Mariusz Włoch Blog

Zapraszam cię też na:

Polityka cookies

Spektakularne samobójstwo

28 grudnia 2014

- Chodzi o to, że moje nazwisko się odmienia, tak jak imię – wyjaśniłem rzeczowo, bo zaczynałem podejrzewać, że dziwaczne wydarzenia ostatnich paru dni za moment osiągną swoje apogeum, a wtedy lepiej zachować względną powagę.

- Aha, rozumiem. Najmocniej przepraszam, panie Jędrzeju, nie byłem pewien, zwolennikiem której formy pan jest. Ale teraz wiem. I jest to dla mnie niezwykle cenna wiedza. Bo każdego dnia się uczę i niech sczeznę, jeśli powiem, że mnie to nie cieszy. Poza tym…
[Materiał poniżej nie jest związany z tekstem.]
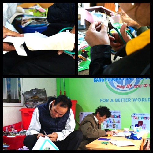 Hiện xưởng sản xuất sách từ vật liệu tái chế của Khởi có 2 công nhân của Khởi là ông Lê Văn Trung (SN 1968) và ông Phạm Xuân Thái (SN 1952), hai người khuyết tật ở trong xóm.

- A z kim ja mam zaszczyt? – zainteresowałem się, bo przemknęło mi przez myśl, że dzwoni kolejny psychol, który zaraz będzie mi opowiadał o końcu świata i czy jestem na to przygotowany. W pewnym sensie jestem, mama zrobiła ostatnio sporo weków.

- O, najmocniej przepraszam, gapa ze mnie. Po prostu czasem zapominam się przedstawić. To z braku czasu i nadmiaru popularności. Z tej strony prezydent Rzeczypospolitej Polskiej, Bronisław Komorowski.

Oniemiałem. Głos i sposób mówienia coś mi przypominał, ale nigdy nie wpadłbym na to, że to może być sam prezydent. O ile to nie jest jakiś głupi kawał. Bo i po co prezydent miał do mnie dzwonić?

- Dzień dobry, panie prezydencie – przyjąłem wersję, że to jednak nie kawał.

- Dzień dobry, panie Jędrzeju. Kiedy mówią do mnie „dzień dobry”, zawsze odpowiadam „dzień dobry”, bo i co innego mógłbym powiedzieć? – zastanawiał się tymczasem prezydent. – Panie Jędrzeju, jak tam w pracy?

- Dziękuję, dobrze. A u pana, panie prezydencie? – czy za każdym razem trzeba powtarzać „panie prezydencie”?

- Ogólnie dobrze, tylko w krzyżu mnie łupie, bo to kwiecień, marsze, procesje, protesty, gdzieś mnie przy jakimś pomniku przewiało, kurde. A pan, mam nadzieję, zdrowy?

- Tak, zdrowy. Ogólnie zdrowy.

- To bardzo dobrze, panie Romanie, o, przepraszam, niewyraźnie mi tu napisali, Jędrzeju, bardzo dobrze. Bo widzi pan, inni też mogliby się cieszyć takim zdrowiem i żyć z wdzięcznością do świata i innych ludzi – perorował prezydent. Obok niego musiał znajdować się ktoś jeszcze, ktoś, kto najwyraźniej mu podpowiadał.

Życie nas nie rozpieszcza, podpowiadał tajemniczy sufler prezydenta.

- Życie nas nie rozpieszcza – powtórzył prezydent.